OpenAI provides no specific breakdown of the training data for GPT-5.4 mini. Documentation only mentions a knowledge cutoff of August 31, 2025, and claims the model is 'factually grounded' with 33% fewer false claims than GPT-5.2. No information is provided regarding the ratio of web data, code, or books, nor are there details on filtering, cleaning, or the use of synthetic data during the distillation process.

Tokenizer Integrity

5.0 / 10

The model utilizes the 'o200k_base' tokenizer with a vocabulary size of approximately 200,000 tokens. While the tokenizer's behavior can be observed via the API and third-party tools, OpenAI has not released a formal technical paper documenting the specific BPE configuration or training alignment for the 5.4 series. This lack of official documentation for the specific version limits full verification of its multilingual efficiency.

Model

13.0 / 40

Parameter Density

1.0 / 10

The parameter count for GPT-5.4 mini is completely undisclosed. While it is marketed as a 'small' and 'efficient' model that runs 2x faster than its predecessor, OpenAI provides no data on total or active parameters. There is no clarification on whether the architecture is dense or utilizes sparse Mixture-of-Experts (MoE) techniques, making it impossible to verify its density claims.

Training Compute

0.0 / 10

OpenAI provides no information regarding the compute resources used to train or distill GPT-5.4 mini. There are no disclosures on GPU/TPU hours, hardware specifications, training duration, or carbon footprint. The company explicitly omits these details in official announcements, citing competitive reasons.

Benchmark Reproducibility

3.0 / 10

While OpenAI provides specific scores for benchmarks like SWE-Bench Pro (54.4%) and OSWorld-Verified (72.1%), the evaluation code, exact prompts, and few-shot examples are not public. Third-party analysis notes that comparisons are often made against older models (GPT-5.2) rather than the most recent predecessors, and the lack of a technical paper prevents independent verification of the claimed results.

Identity Consistency

9.0 / 10

The model consistently identifies itself as GPT-5.4 mini across API calls and system prompts. It maintains clear versioning (gpt-5.4-mini) and correctly identifies its capabilities, such as its 400K context window and multimodal support. There are no documented instances of the model claiming to be a competitor's product or misrepresenting its identity.

Downstream

11.0 / 30

License Clarity

4.0 / 10

The model is governed by a restrictive proprietary license.
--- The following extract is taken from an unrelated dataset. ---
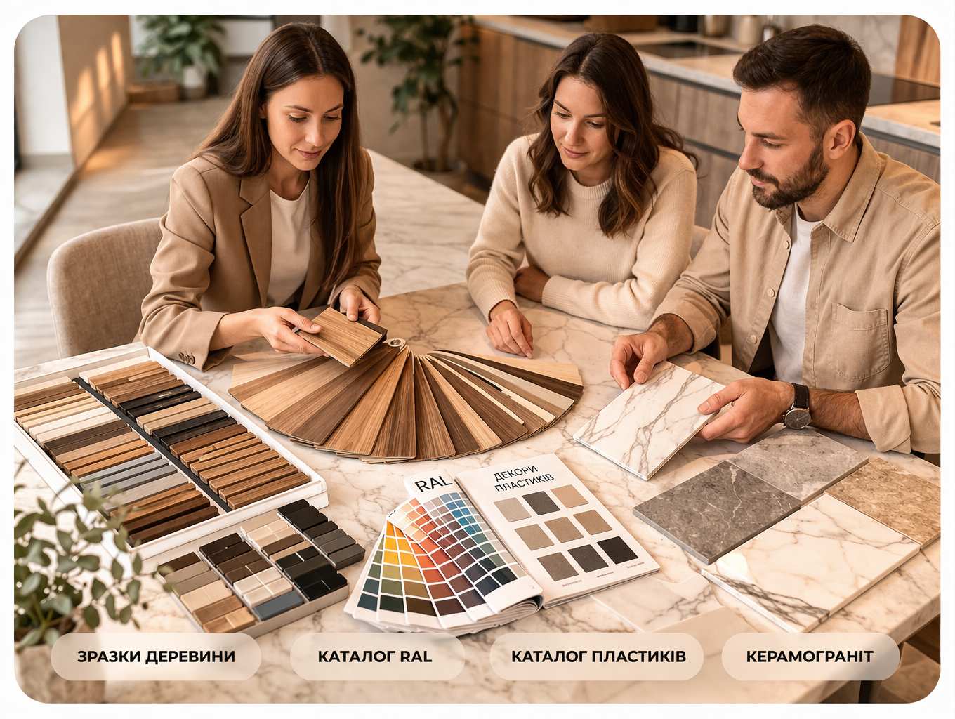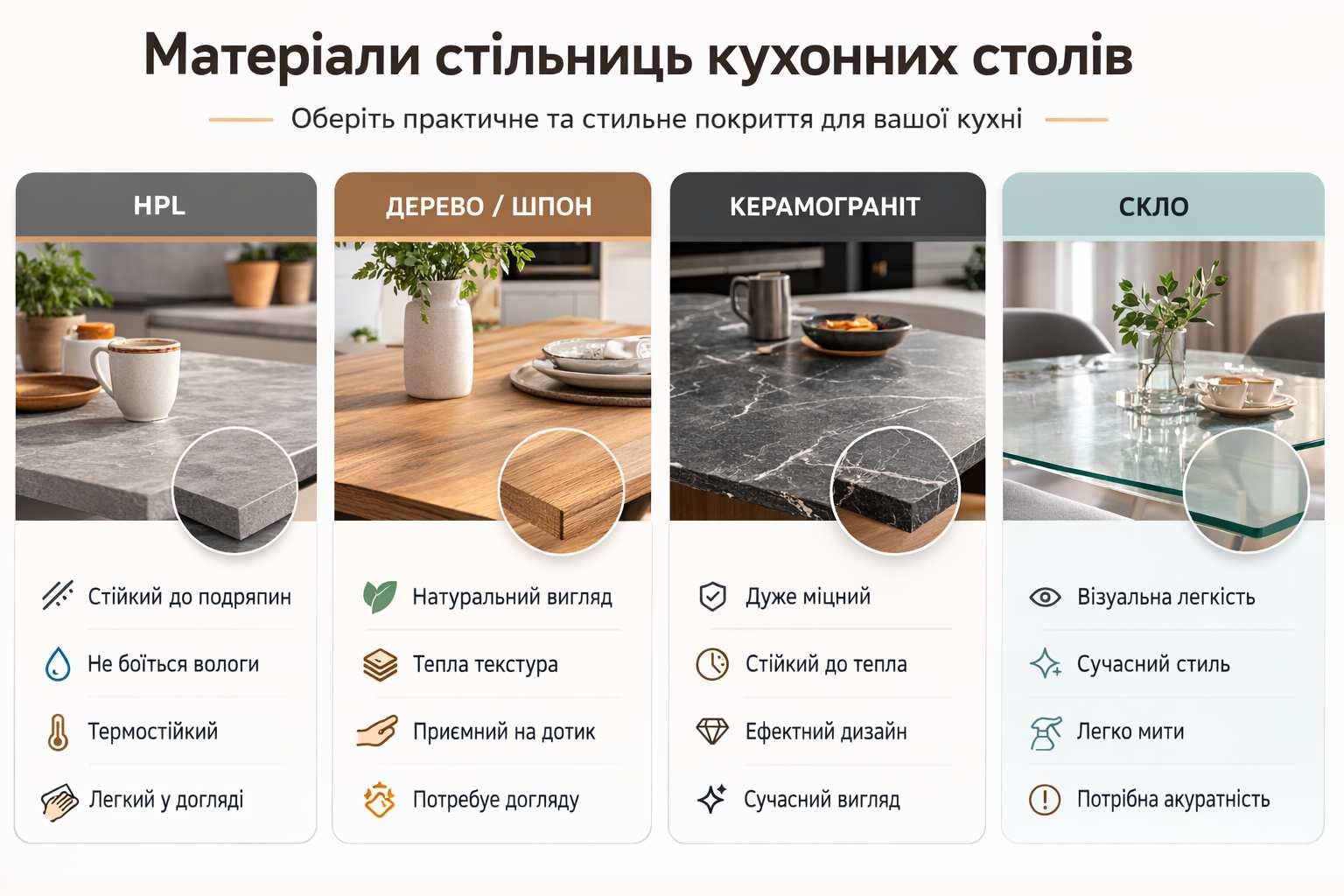 Для активної кухні часто обирають HPL або керамограніт, оскільки ці матеріали дуже стійкі до подряпин, вологи та високих температур.

While the terms for API usage and commercial pricing ($0.75/M input, $4.50/M output) are clearly stated, the underlying weights and code are not accessible. The license is subject to OpenAI's standard Terms of Service, which can change without notice, and provides no transparency for derivative works or offline use.

Hardware Footprint

2.0 / 10

As a closed-source API model, there is no documentation on the VRAM or hardware requirements for local deployment. OpenAI provides latency and throughput metrics (e.g., ~180-190 tokens/sec), but these are service-side performance figures rather than hardware footprint data. There is no guidance on quantization tradeoffs or memory scaling for the 400K context window.

Versioning Drift

5.0 / 10

OpenAI uses semantic-like versioning and provides 'snapshots' to allow developers to lock in specific model versions for consistency. However, the company has a history of 'silent updates' and performance drift that is not always captured in public changelogs. While version history is accessible via the API, the lack of detailed technical changelogs for architectural or weight updates limits transparency.